EWS admissions: HC breather for derecognised Vivek High School
High court stays Chandigarh administration’s order on the condition that the school will admit students from EWS category as mandated under the RTE Act
The Punjab and Haryana high court has stayed the Chandigarh administration’s decision to derecognise Vivek High School, Sector 38, for not giving admission to EWS students in 2023-24 and for not committing to do so in the 2024-25 session either.

The order was passed by the high court bench of justice Vinod S Bhardwaj, acting on the plea from the school, challenging UT’s order.
The court has stayed UT’s order with the condition that the school will admit students from the economic weaker section (EWS) category as mandated under the Right of Children to Free and Compulsory Education (RTE) Act.
Vivek High Scool was the second institute in the city to be derecognised by the administration last year. Earlier, in May, it had derecognised St Kabir Public School, Sector 26, on similar grounds. St Kabir had also got relief from court last month on similar conditions.

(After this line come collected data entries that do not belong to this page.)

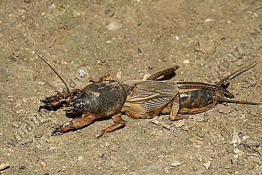 Eine Bachstelze am Bachufer auf Nahrungssuche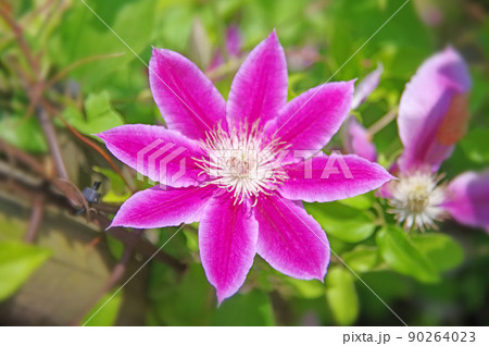 赤紫色の大輪の花が咲いたつる性植物のクレマチス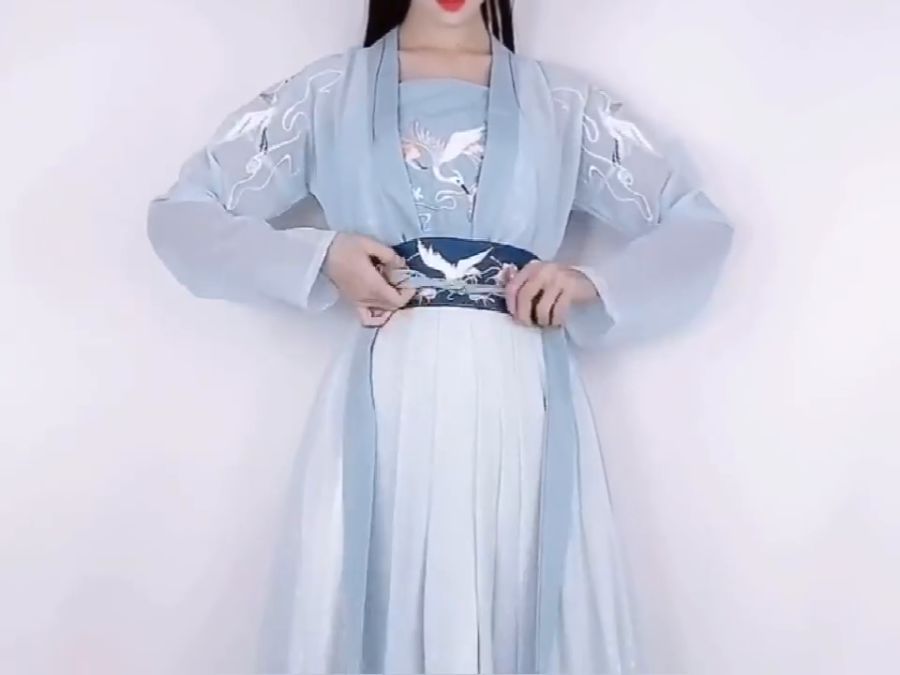 - 婴儿蓝交领衫+牛仔短裙:混搭牛仔材质,蝴蝶结腰封强化腰线,传统与现代的平衡恰到好处8。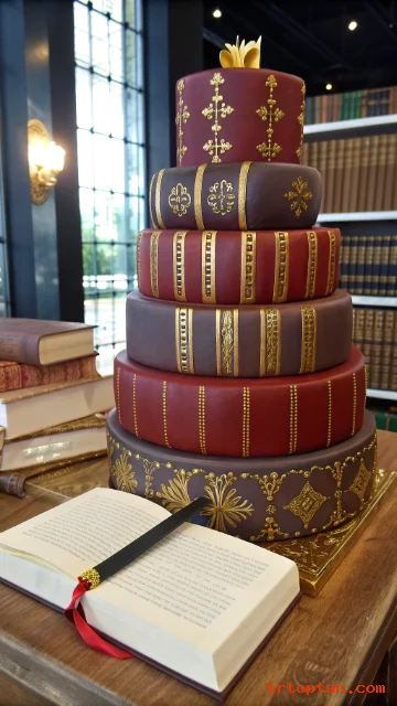 Use stacked book layers or a single cake with book spine wrap. Add small “titles” that match his favorite genres. Use warm tones and gold lines for detail.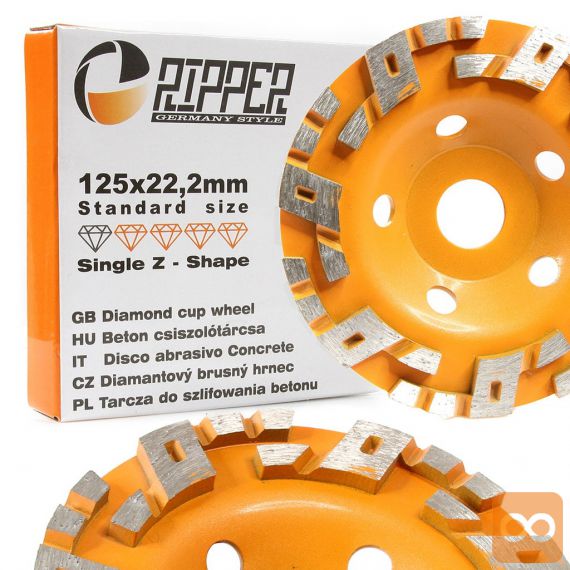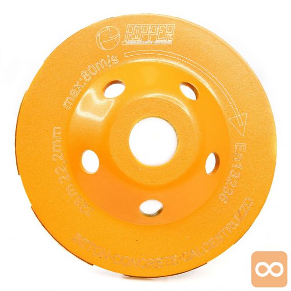 • Diamantna skodelica premera 125 mm je namenjena za brušenje betonskih površin s kotnim brusilnikom.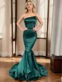 Sheath Straight Pleated Sweep Train Silk Like Satin Dress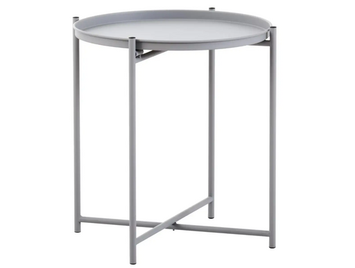 Round Tray Style Side Table with Grey Top and Grey Legs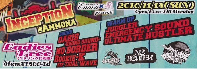10月から始まったこのDANCE!!!! 毎月第2日曜日にclub AMMONAにて開催DANCE… “INCEPTION”(インセプション)スペシャル インセプションってどんなイベント??… 早い時間はオシャレでゆっくりできるレゲエやR&Bでばっちりみんなの心をロックし、 メインタイムでは踊れて騒げて楽しめる日曜日はここだけ 11/14(日)の第二日曜日は間違いなく楽しめるので是非club AMMONAへお越しください! ◆インセプションイベント写真◆ http://photo.mixi.jp/view_album.pl?album_id=500000000750220&owner_id=21605267 ◆基本詳細

Run by the Bhagwant Singh Charitable Trust and started in 1984, Vivek High School got a minority tag on February 4, 2016, nearly four years after the 2012 Supreme Court judgment, wherein it was held that minority institutes are not bound to reserve seats for EWS category students under the RTE Act.
It is among a dozen odd schools that got minority tag after the SC order.
In 2017, a single-judge bench had declared that it was not a minority institute. However, an appeal against this order is pending before the division bench of the high court.
The school’s chairperson HS Mamik is also the president of a private schools’ body in Chandigarh, called “Independent Schools’ Association”.
The school was issued a show-cause notice on December 16 for not giving 25% reservation to EWS and other disadvantaged groups under the RTE Act. On December 27, UT derecognised the school with effect from April 1, 2024.
The school in its plea before the court sought quashing of the December 27 order, claiming that it passed in an illegal and arbitrary manner without any jurisdiction.
Besides other arguments, it also claimed that the school was not obligated to admit students from EWS category as claimed by the administration citing rules under the land allotment policy for educational institutions in UT.
While the city has 22 minority schools, only two schools have got a no-objection certificate from the UT administration. As many as 13 of these schools had opted for the minority status after 2012. The city has a total of 82 private schools. There has been a spurt for minority status after the 2012 SC order.
Meanwhile, Vivek was the only school that hadn’t given consent, but as EWS admissions opened from Wednesday, the school was also brought on board. For the first time, since the implementation of RTE, all non-minority schools will participate in EWS admissions this year.
While help desks are in place at all government schools and non-minority schools for filling up the forms, around 30 applicants filled the form on the first day. A total of 815 EWS seats are up for grabs in non-minority schools for the 2024-25 session.